К нам приехал командор

Опубликованы наброски Владимира Набокова к будущему роману «Лаура и ее оригинал». Их вполне достаточно, чтобы понять: перед нами абрис несомненного шедевра

Есть все-таки что-то мистическое во всей этой истории с публикацией недописанного набоковского романа. Туманное предисловие сына писателя Дмитрия, решившегося вопреки ясно выраженной воле отца карточки с набросками книги не сжигать, напротив – опубликовать, предисловие, намекающее на потустороннее участие и поддержку отца в принятии этого непростого решения, тут ни при чем. Мистика в другом: в явлении этого текста сегодня, сейчас, в ситуации совсем уж удушающего безрыбья и наготы отечественной словесности, которая к моменту присуждения очередной премии едва находит, чем прикрыться. При таком раскладе голос писателя, благодаря публикации на мгновение сделавшегося нашим современником, стоявшего уже на пороге вечности и тем не менее аккуратно строчащего свои карточки, звучит громоподобно, устыжающе, жутко. Нам явился каменный гость. О, тяжело пожатье каменной его десницы!

До того как откроешь эту книгу, можно думать о важности (неважности) последней воли автора, о психологии наследников, цинизме книжного бизнеса и о том, что недописанные книги, наверное, правильней было бы издавать иначе: сначала – в составе академического собрания сочинений, потом – массовым тиражом, но все это, повторюсь, до. Едва начинаешь чтение, на тебя немедленно набрасывается все это. «Слепой черный щенок», он же «бесформенный ридикюль», крошечные фигурки, красные и белые, подаренных мистером Гумбертом Г. Гумбертом шахмат (да, Набоков окликает самого себя на каждом шагу), полуразрушенные крылечные ступеньки, «заросшие мятой и колокольчиками среди можжевеловых кустов», «оранжево-лучистые, как брызнувшее из-за туч солнце», веера, «летнее воскресенье в полоску». Стилевое изящество, жесткая точность найденных слов и образов, как кажется, совершенно адекватно переведенных с английского, и вот эта особенная повествовательная набоковская бестрепетность пленят и самых неистовых поклонников писателя, и его ненавистников, пленят и доведут до сладкого обморока, обморока восторга. Потому что в каждом отрывке здесь поступь великого мастера, в каждой реплике – царственная стать.

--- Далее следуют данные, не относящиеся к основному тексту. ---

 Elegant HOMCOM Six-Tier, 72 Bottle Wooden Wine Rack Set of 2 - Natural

В этом и заключается основное наслаждение, которое получаешь от «Лауры и ее оригинала», – наслаждение стилистическим совершенством фрагментов. Набоков был и великолепным архитектором своих вещей, но по 138 карточкам судить о композиционных достоинствах будущего романа невозможно. Как и оценить глубину замысла, впрочем в любом случае интересного, перспективного, сложного. Здесь намечены лишь общие контуры сюжета.

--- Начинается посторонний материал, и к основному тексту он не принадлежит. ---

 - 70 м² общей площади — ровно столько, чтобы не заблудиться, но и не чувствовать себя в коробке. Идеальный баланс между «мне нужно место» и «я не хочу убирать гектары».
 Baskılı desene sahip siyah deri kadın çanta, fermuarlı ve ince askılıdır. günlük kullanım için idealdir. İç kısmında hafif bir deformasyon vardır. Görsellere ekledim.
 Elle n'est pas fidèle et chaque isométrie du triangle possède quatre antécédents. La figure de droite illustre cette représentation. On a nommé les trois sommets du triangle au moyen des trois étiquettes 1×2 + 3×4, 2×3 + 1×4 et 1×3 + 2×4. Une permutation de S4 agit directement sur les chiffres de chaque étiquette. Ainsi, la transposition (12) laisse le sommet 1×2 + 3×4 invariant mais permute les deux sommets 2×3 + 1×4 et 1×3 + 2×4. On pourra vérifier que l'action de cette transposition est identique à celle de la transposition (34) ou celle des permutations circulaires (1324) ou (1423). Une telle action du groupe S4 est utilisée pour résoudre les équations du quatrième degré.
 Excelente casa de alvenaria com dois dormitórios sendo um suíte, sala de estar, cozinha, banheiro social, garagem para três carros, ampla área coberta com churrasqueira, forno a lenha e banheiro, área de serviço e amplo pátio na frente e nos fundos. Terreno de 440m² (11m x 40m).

Врач-невролог Филипп Вайлд, знаменитый ученый, болезненно полный, страдающий от избытка своего тела, врастающих ногтей на ногах, начинает борьбу с терзающей его плотью – учится стирать себя, впадая в гипнотранс: «Тонкое основание моего мелом начертанного «я» было стерто и таковым оставлено, когда я решил выйти из своего гипнотранса. Истребление десяти пальцев ног сопровождалось привычным ощущением сладострастной неги». Вторая, хотя не исключено, что и первая, открывающая роман сюжетная линия – история детства и любовных похождений Флоры, хрупкой девушки-ребенка с задатками нимфоманки, о которой один из ее любовников написал гениальный роман «Лаура». Не забыв описать в романе и смерть главной героини, одна из самых сильных сцен именно эта.

Итак, перед нами богатый замысел, задевающий множество тем, которые мы, однако, можем лишь перебрать, как клавиши, как карточки в каталоге. Сознательное самоуничтожение, оправданность самоубийства, зеркала, наставленные друг на друга, литература – жизнь – литература («весь ее изящный костяк тотчас вписался в роман») – перебрать и выдернуть руку из каменной десницы, сбежать от этого слишком уж оглушительного свидетельства о том, что такое подлинное литературное мастерство и величие, большая книга и лучший роман года.